» EXERCISE GOAL:
Nothing but the lines below from the one that contains "CHAU Screwed hinge, 270°" through the one that contains "FGS169RCD RCD Protected Twin Power Grommet" should be retyped, exactly and including both ends. Do not include pictures.

» INFORMATION SUPPLIED:
□ □ □
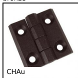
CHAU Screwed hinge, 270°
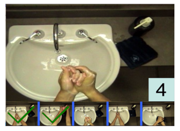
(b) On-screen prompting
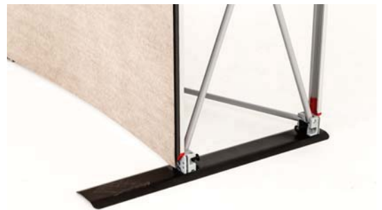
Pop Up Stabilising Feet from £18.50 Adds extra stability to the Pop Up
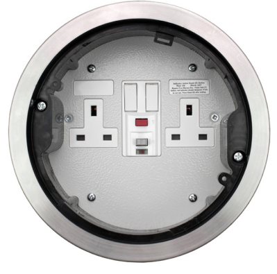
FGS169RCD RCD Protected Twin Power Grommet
□ □ □
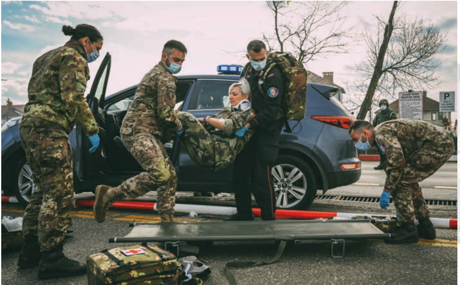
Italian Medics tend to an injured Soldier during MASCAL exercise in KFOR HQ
□ □ □
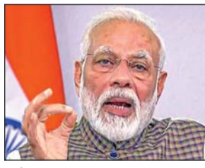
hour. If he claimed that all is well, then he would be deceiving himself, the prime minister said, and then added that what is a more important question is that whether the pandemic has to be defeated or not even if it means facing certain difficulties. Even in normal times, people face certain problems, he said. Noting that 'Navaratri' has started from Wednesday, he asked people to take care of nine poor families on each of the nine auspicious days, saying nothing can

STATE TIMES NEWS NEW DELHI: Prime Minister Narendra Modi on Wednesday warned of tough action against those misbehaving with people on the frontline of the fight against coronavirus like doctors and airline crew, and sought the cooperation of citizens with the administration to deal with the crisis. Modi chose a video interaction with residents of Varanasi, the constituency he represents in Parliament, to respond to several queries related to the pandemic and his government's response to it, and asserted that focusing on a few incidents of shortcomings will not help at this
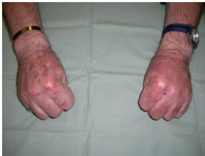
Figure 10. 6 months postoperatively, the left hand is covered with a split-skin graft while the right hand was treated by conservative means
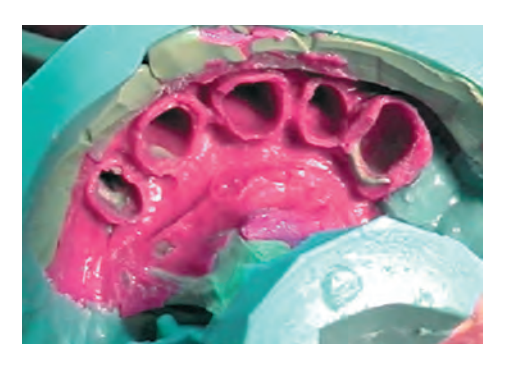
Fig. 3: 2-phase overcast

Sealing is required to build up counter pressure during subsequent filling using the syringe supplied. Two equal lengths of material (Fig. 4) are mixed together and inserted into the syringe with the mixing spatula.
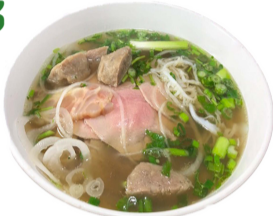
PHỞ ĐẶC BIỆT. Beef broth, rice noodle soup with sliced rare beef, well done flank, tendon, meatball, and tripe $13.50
□ □ □
» SOLUTION TO THIS PROBLEM:
CHAU Screwed hinge, 270°
(b) On-screen prompting
Pop Up Stabilising Feet from £18.50 Adds extra stability to the Pop Up
FGS169RCD RCD Protected Twin Power Grommet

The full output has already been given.